La question est de savoir comment cet enfant moderne – qui ne se soutient plus de son désir, mais de son seul rapport à l’objet – se débrouille de l’en-trop de consommation qui lui barre l’accès au savoir, et à son inconscient. Les désirs tant sollicités se sont transformés en besoins, en impératif de jouissance
qui répond à La gourmandise du surmoi sans que l’enfant sache demander à l’Autre. Il ne peut d’ailleurs nommer ce qu’il désire. Incapable de supporter le manque et le temps de l’Autre, il veut échapper au temps de la perte, et de la frustration. Alors en proie à un surmoi féroce qui le pousse à vouloir jouir de
tout, et dans lequel bien et mal s’équivalent, comment peut-il y faire avec la présence de l’adulte, lorsque celui-ci lui parle et lui demande quelque chose d’imprévu au programme de sa machine ?
Lacan, en 1974, s’interrogeait : « Arriverons-nous à devenir nous-mêmes animés vraiment par les gadgets ? » Il ne le croyait pas, même s’il affirmait cependant que l’on n’arriverait « vraiment pas à faire que le gadget ne soit pas un symptôme. »

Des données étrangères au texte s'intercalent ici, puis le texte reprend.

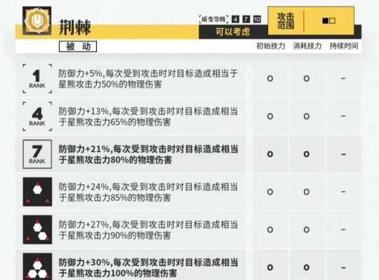 星熊的二技能为罕见的被动型技能,可以增加一定防御。当受到攻击时,星熊能够反弹一定比例基于自身攻击力的伤害。虽然加成比例低,但星熊的防御面板很高,实际提升效果十分显著。随着技能等级的提高,反击比例也会增加。当星熊专精三后,敌人每次攻击星熊时,都会受到一次完整的反击。这种技能特别适合面对攻速高或者大量远程敌人时,具有一定的输出能力。出场时,需要特别注意干员的部署顺序,尽量让星熊后入场,从而吸引更多的火力,以最大限度地发挥技能效果。

En ouvrant ainsi la solution du gadget comme pouvant être pour le sujet un nouveau symptôme, il a ouvert une voie plus digne. S’agit-il de nouveau symptôme induisant un comportement courtcircuitant la relation à l’Autre, cet Autre qui, au nom de son savoir-faire peut l’angoisser d’où les nouveaux symptômes phobiques allant de la panique à la phobie sociale ? À la place du symptôme comme formation de l’inconscient surgit un symptôme comme pratique de rupture court-circuitant la relation à l’Autre. C’est là où il nous faut retrouver la voie d’un nouveau lieu et lien. Un lieu où chacun peut trouver la formule de sa vie, soit son désir. Saisir comment l’enfant en répond, mais aussi bien l’adulte qui se préoccupe de lui, ouvre une dimension éthique dans laquelle doit être fait place à cet élément de nouveauté que porte en lui chaque enfant. C’est bien là où nous opposons au savoir-faire conceptuel, un savoir-y-faire prenant en compte le réel propre à chacun et la place de l’objet a.

1. Lacan J., « La Troisième », La Cause freudienne, n° 79, 2011, p. 32.
2. Freud S., « Sur la psychologie du lycéen », Résultats, idées, problèmes, vol. I, Paris, PUF, 1984, p 221.
3. Lacadée Ph., « La gourmandise du surmoi », Le malentendu de l’enfant, Paris, Éditions Michèle, 2010, p. 119.
4. Lacan J., « La Troisième », op. cit., p. 32.